Two weeks after its shares began trading on the Nasdaq, Lotus Technology is down by two-thirds.

Yet far from being a surprise, the collapse has a familiar sensation for investors who bought into other businesses listed on global stock markets by China’s Geely. In recent years, the ambitious Chinese group has listed shares in Volvo Cars, Polestar and ECARX. All remain deeply under water.

The fall, if sustained, deals a hammer blow to one of China’s most ambitious auto groups, and raises questions over its future ability to tap public markets to raise funding as it pushes further into the expensive business of developing electric vehicles.

Shaun Rein, managing director of China Market Research Group, a Shanghai consultancy, said it was difficult to have a positive view of Geely’s outlook in the wake of the Lotus listing.

“They don’t have a strong strategy internationally or in China, they have too many overlapping brands that just don’t make sense,” he said.
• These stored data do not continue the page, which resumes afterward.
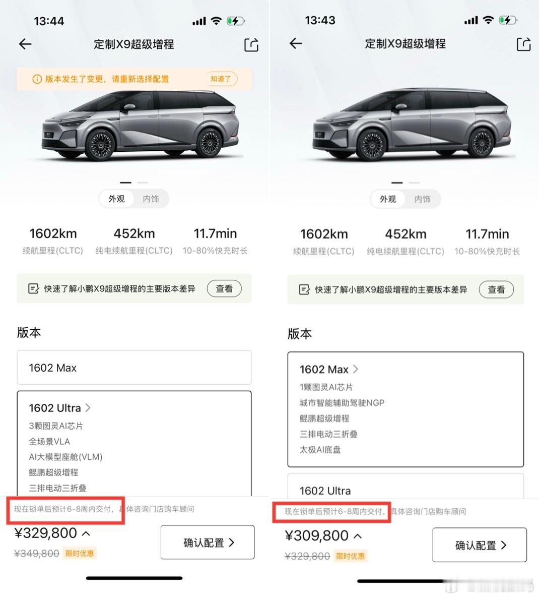 小鹏X9真的卖爆了,有网友询问第三方平台X9前期意向金订单转卖是否可信,小鹏高管回应非官方行为不可信,工厂正在加班加点赶生产保交付。目前,小鹏汽车APP显示,Ultra版交付周期已全面延长至6-8周。订单远超预期,小鹏汽车推出「跨年购置税补贴」政策:2025年12月31日(含)前锁单的用户,可享受购置税退坡补贴,最高1.5万元!此前小鹏发出“紧急加产”邮件,目标年底前新增5000份备料,全力冲刺交付,让用户尽早提车!小鹏高管称X9增程有补贴兜底呼吁抵制黄牛
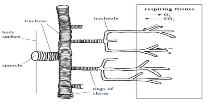 6. How is the tracheal system depicted in a diagram? A tracheal respiration diagram typically shows the spiracles, tracheae, and tracheoles.
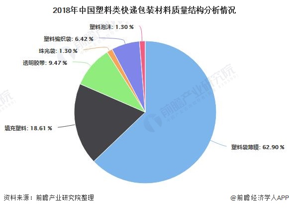 塑料类包装材料主要包括塑料袋薄膜(不包括珠光袋和填充薄膜塑料)、编织袋、泡沫箱、珠光袋、胶带和填充塑料等。其中普通塑料袋薄膜占比最高,质量占比达到62.90%。

The company burst on to the global stage with a 2010 deal to purchase Volvo Cars from Ford, kicking off a decade of expansion buying unloved international car brands including Lotus and taking stakes in Mercedes-Benz, Volvo trucks and Aston Martin.

Despite its dismal stock market record and increasing jitters about EV demand in western markets, the Chinese car group is doggedly pursuing public status for its other brands.

Geely has already filed documents for an IPO on Nasdaq for its new electric car brand Zeekr. At the same time it harbours stock market ambitions for a host of other businesses within its automotive portfolio, according to people familiar with its plans.

The share price performances of Volvo and EV brand Polestar already made it difficult to attract potential investors into Lotus, according to people familiar with the deal. Finding investors for Zeekr will be harder still if Lotus shares remain underwater for those who bought into the Spac.

The listings are more than just bragging rights for its ambitious founder Li Shufu, known internationally as Eric Li. As it grows outside of China, the company is having to jettison its historic reliance on domestic funding, and raise capital through western markets that are increasingly sceptical about Chinese businesses.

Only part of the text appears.